为了简单起见,只给出一级groupby即group by field1(而不涉及到多级,例如group by field1, field2, ...);如果你需要多级的groupby,在实现上可能需要拆分的更加细致。
即将给出的方法,适用于如下的场景:
场景1:找出分组中的所有桶,例如,select group_name from index_name group by group_name;
场景2:灵活添加一个或者多个聚合函数,例如,select group_name, max(count), avg(count) group by group_name;
1、用法
GroupBy类是我们的实现。
1)测试用例
- public static void main(String[] args) {
- /*
- * 初始化es客户端
- * */
- ESClient esClient = new ESClient(
- "dqa-cluster",
- "10.93.21.21:9300,10.93.18.34:9300,10.93.18.35:9300,100.90.62.33:9300,100.90.61.14:9300",
- false);
- /*
- * 为了演示, 构造了一个距离查询, 相当于where子句.
- * */
- GeoDistanceRangeQueryBuilder queryBuilder = QueryBuilders.geoDistanceRangeQuery("location")

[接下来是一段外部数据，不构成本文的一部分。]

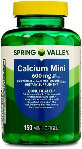Convenient mini softgels that are easy to swallow. Free from gluten, lactose, and artificial colors, flavors, and preservatives. Calcium is an essential mineral that promotes bone health and strength, ensuring optimal skeletal function and structure. Vitamin D3 is an active form of vitamin D that facilitates calcium absorption in the body. Delivers 600 mg of calcium and 12.5 mcg (500 IU) of Vitamin D3 per serving. Spring Valley Calcium Mini plus Vitamin D3 Mini Softgels, 150 Count.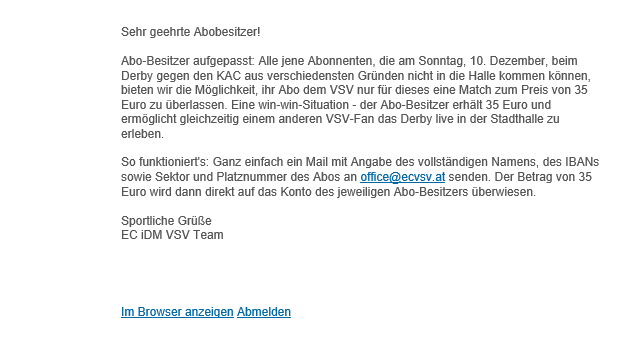 Naja, das habe ich schon vor mindestens zwei Jahren das erste Mal bei höchster Stelle angebracht und dabei darauf verwiesen, dass es sowas beim KAC schon des längeren, für jedes Spiel gibt.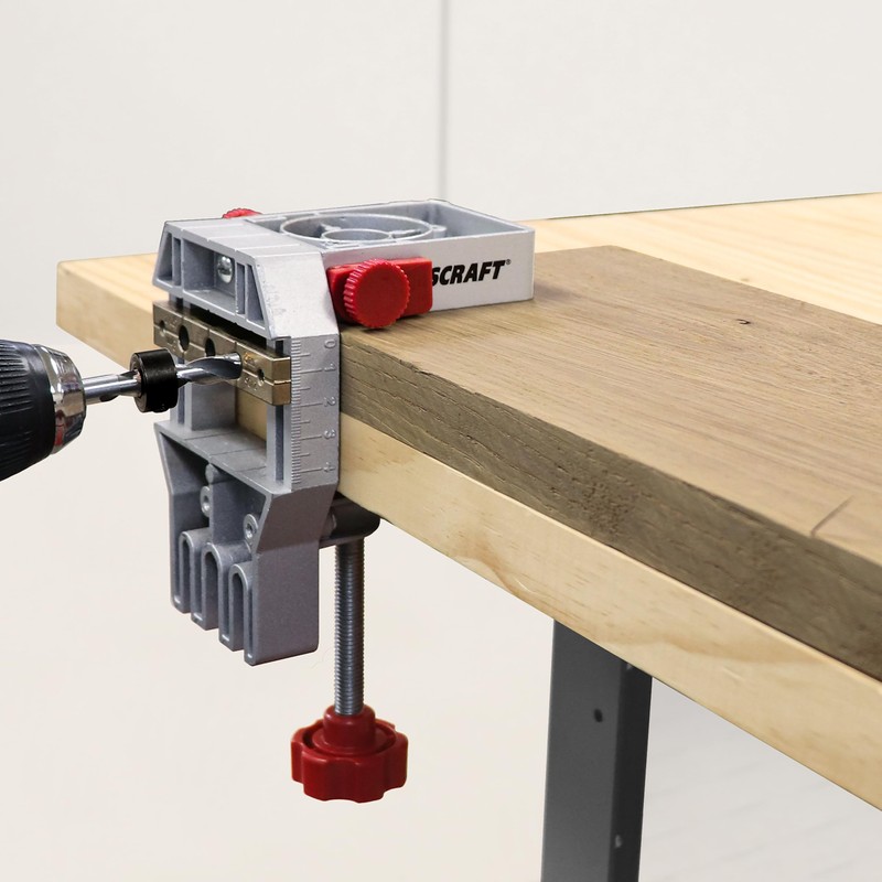 - Hardened steel bushings provide long-lasting, accurate dowel hole drilling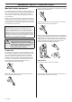 ASSEMBLY Cable adjustment Spreading the load on your shoulders • Throttle cable should be paralleled to flexible shaft. In case of twisting, they should be restored by parallel. • Throttle cable should be adjusted under the bended flexible shaft. A well-adjusted harness and machine makes work much easier. Adjust the harness for the best working position. Tension the side straps so that the weight is evenly distributed across both shoulders.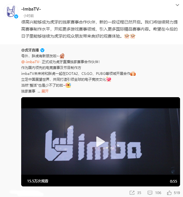 本次虎牙公司和imbaTV達(dá)成合作,不僅能加強(qiáng)雙方在DOTA2、CS:GO、PUBG等品類賽事上的優(yōu)勢(shì),也與虎牙對(duì)電競(jìng)賽事多元布局的計(jì)劃高度契合。

- .point(39.971424, 116.398251)
- .from("0m")
- .to(String.format("%fm", 500.0))
- .includeLower(true)
- .includeUpper(true)
- .optimizeBbox("memory")
- .geoDistance(GeoDistance.SLOPPY_ARC);
- SearchRequestBuilder search = esClient.getClient().prepareSearch("moon").setTypes("bj")
- .setSearchType(SearchType.DFS_QUERY_AND_FETCH)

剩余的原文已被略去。